Anecdotally, we have seen a well-known UK university respond to the pandemic by making their domestic and international students feel very unwelcome, such that many of them returned home with a 10-day notice period. As a result, the university told the student accommodation provider to refund the students as they would not be attending. That market is now off our target list.
The new norm will not mean a revolution in investing in UK student housing, but there will certainly be an evolution. How this evolution will unfold will be seen over the next 3-24 months. We are constantly monitoring the situation and waiting to validate interdependences between quantitative and qualitive factors. Fortunately, we are in a good position to manage the impact of the change. Our investment strategy is dynamic, and we are raising capital shortly to exploit dislocation opportunities in equity and debt across the real estate life cycle.
Staying in the UK, how are you finding the impact from Brexit?
The election result and ‘completion’ of Brexit gave us political clarity.
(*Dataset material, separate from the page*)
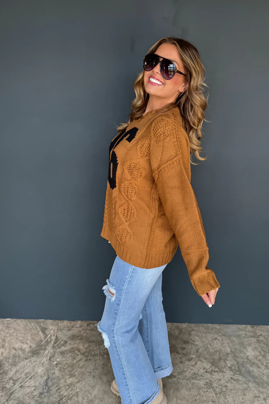 This bold knit sweater is the ultimate statement piece for game day and beyond. Featuring a chunky cable knit design with a large “86” graphic front and center, it brings a sporty, vintage-inspired vibe. The relaxed fit and cozy knit make it an easy throw-on with jeans, cargos, or skirts.

In its immediate aftermath, we found the demand for student housing to be at the highest that we have experienced before the pandemic became an issue. We had many investors chasing us for student housing opportunities. This is testament to the sector’s growth into a core investment class and this clarity only reaffirmed this for our investors.
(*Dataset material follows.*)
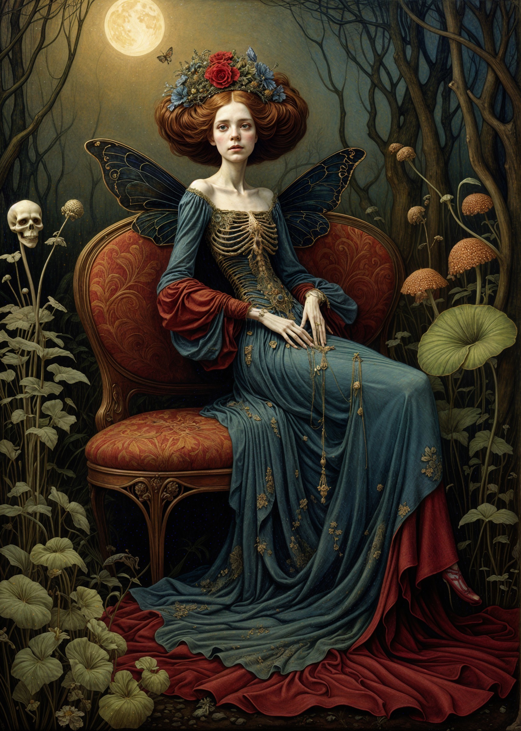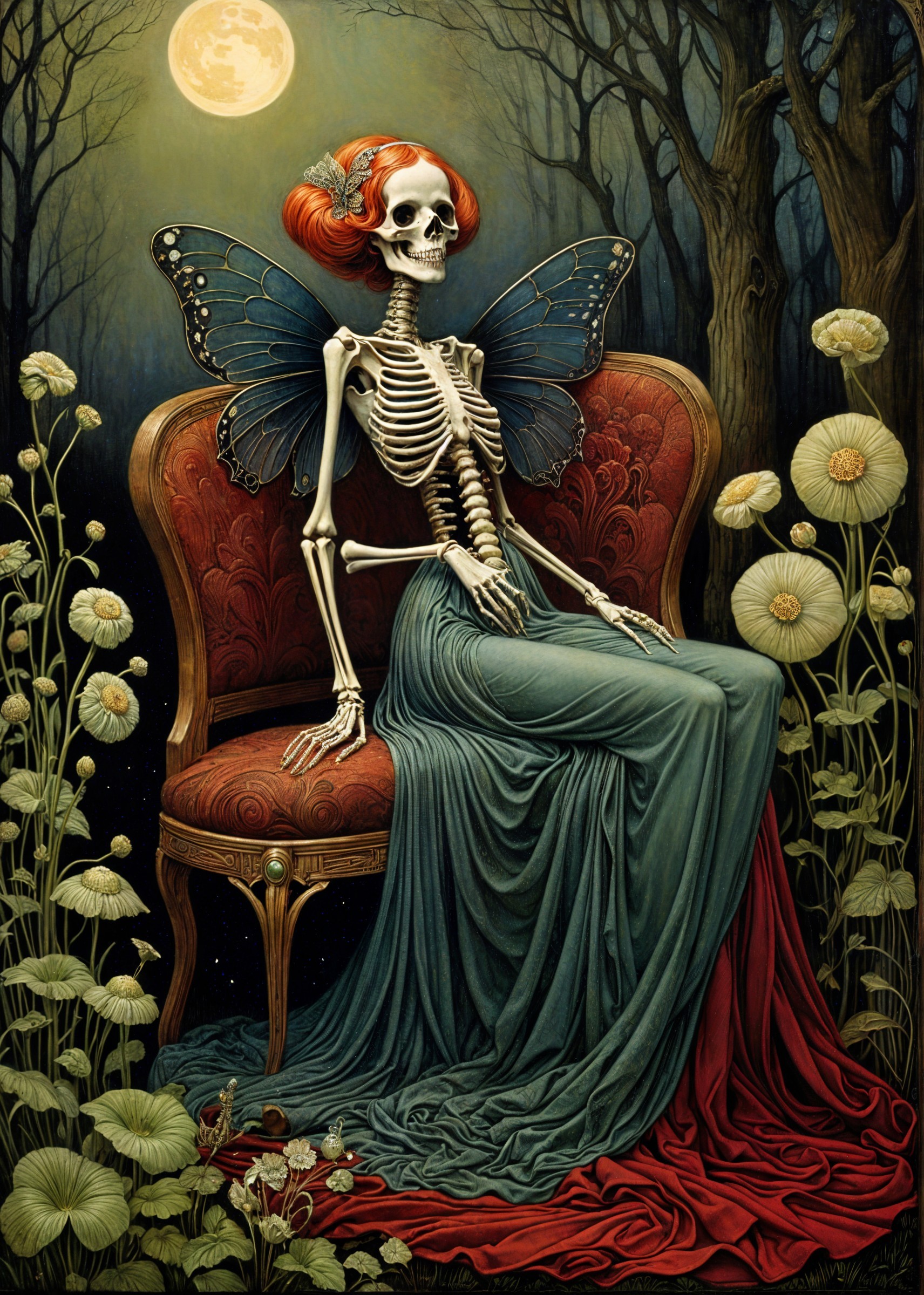 A whimsical skeleton fairy sits among vibrant flowers and pumpkins, adorned in flowing blue fabric. The moon casts a gentle glow, enhancing the enchanting, eerie atmosphere of the scene.

We are also now looking into adjacent sectors such as UK care homes. We are still confident, but naturally we are monitoring each operator closely on how they respond to COVID-19.
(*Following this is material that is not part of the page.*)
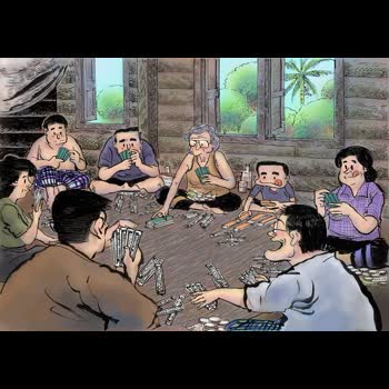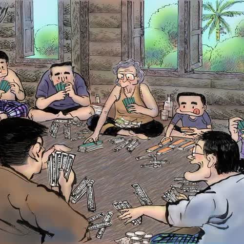 | คำอธิบาย : ยามว่างจากงานเสาร์อาทิตย์พร้อมหน้าเมื่อไหร่ ป้าจะเป็นคนเรียกประชุมเพื่อตั้งวงรำพัด รำพัดก็คือเล่นไพ่นั่นแหละ ในวงจะมีป้าเป็นประธาน และเหล่าพี่ๆ ที่เป็นลูกของป้า รวมทั้งพ่อของเราด้วยไพ่ที่เล่นเรามักจะเล่นไพ่ผ่อง หรือไพ่ตอง เป็นไพ่ใบยาวๆ มีลวดลายสวยงามมาก ทั้งชุดจะมี 30 ใบ หนึ่งสำรับใช้ 4 ชุดคือ 120 ใบ ไพ่แต่ละตัวจะมีชื่อของมันอยู่ เรียกยากและจำยากมาก แต่ก็มีเสน่ห์อยู่ในชื่อของมัน เช่น เอี่ยวแดง เอี่ยวเกือก เอี่ยวชี เอี่ยวนาง เอี่ยวหนู สองคน สองตา สององคต สามคน สามตา สามนก สี่คน สี่มะเขือ สี่นม ห้าคน ห้าแตง ห้านก หกคน หกตา หกละเอียด เจ็ดคน เจ็ดพัด เจ็ดนกแปดคน แปดตา แปดละเอียด เก้าคน เก้าจัน เก้าแดง และไก่โต้ง เป็นตัวโจ๊ก เราจำชื่อได้ไม่หมดวิธีเล่นก็เหมือนรัมมี่ จั่วไพ่ให้ตรงกับไพ่ในมือ มีทั้งตอง กับเรียง วงกันเองอย่างในบ้านสวนเล่นกันสนุกๆ ไม่หวังรวย กินกันตาละบาท ถกก็สองบาท เล่นกันข้ามวันจนเหน็บกินขาแทบตาย ได้แค่ค่ากาแฟโอเลี้ยงหรือก๋วยเตี๋ยวร้านยายเตี้ยชามสองชาม แต่ที่เราชอบคือ ในวงเค้าจะให้เด็กอย่างเราทำไพ่ เจ้ามือ 12 ใบ ลูกวง 11 ใบ เพราะเวลาเล่นจะใช้ไพ่สองสำรับ สำรับหนึ่งพื้นหลังเขียว อีกสำรับจะเป็นสีแดงหรือส้ม ไม่ให้สับสนกัน คนเล่นๆ ไปสำรับหนึ่ง คนทำก็ทำอีกสำรับหนึ่งเตรียมไว้ รอที่เค้ามีการ‘กิน’กัน ค่าทำไพ่ก็ได้จากคนที่กินตาละ 1 บาท หรือถ้าใคร‘ถก’คนทำก็ได้ตั้ง 2 บาทนอกจากงานทำไพ่เรายังมีอาชีพ วิ่งซื้อของที่วัดฝาง เพราะวงนี้เวลาเล่นไพ่ชอบจ้างไปซื้อก๋วยเตี๋ยว ขนมปังแพแล้วก็โอเลี้ยงมากินกัน ช่วงปิดเทอม นี่คือรายได้หลักของเรา บางทีเก็บไปซื้อของเล่นหรือการ์ตูนได้เป็นหลักร้อยบาทอ้อที่เรียกตอนว่าคณิตศาสตรืชาวสวน ก็เพราะ เล่นไพ่นี่ก็เหมือนได้อยู่ในชั่วโมงเรียนวิชาตรรกศาสร์ เรื่องความน่าจะเป็นไง หรือท่านว่าไม่จริง |

Tell us about your product offering.
We have the benefit of forming our investment principles through our GFC experience between 2009-2012. Despite the very negative economic situation at the time, we consistently produced returns of 20% per annum, which is also testament to the resiliency of the sector.
COVID-19 isn’t the same as the GFC but we are observing many opportunities coming through in the sector. Real estate as an asset class is relatively illiquid compared to financial assets such as equities and bonds. Therefore, the knock-on market dislocations will take some time to filter through.
In this respect, we expect dislocation opportunities to arise in the next 6-18 months, and I am excited at the prospect of the upcoming opportunities. However, capitalising on these opportunities is going to require ready cash and an established network of local relationships to allow us to move quickly. To date we have a pipeline of deals we expect to be distressed, and having gone through previous crises, we are confident in our ability to execute once they are ready to be transacted. Hence, we are looking to raise for an opportunistic fund in order for us to be nimble and prepared with ready capital.
Our new product offering will adopt a flexible investment strategy to take advantage of the market dislocations. It will encompass opportunities from the ground up, across the entire real estate life cycle and across the whole spectrum of debt and equity. Throughout our strategy, we will be optimising our investment principles for the new norm as well.
Who are you looking to reach for this product offering?
Our capital comprises the entire investor spectrum from professional investors, family offices and institutional investors. For this offering, we are also looking to partner with existing investors who are looking to re-invest. We also work extensively with intermediaries who provide access to the above capital.
We are looking to work with any capital providers who seek an opportunistic real estate allocation in a resilient asset class.
And as I alluded to earlier, the opportunities in the student sector are going to be extensive… we will possibly see once in a lifetime buying opportunities over the next 6-18 months. For those who are prepared with ready capital, there will be a definite advantage in allowing investors to exploit the situation.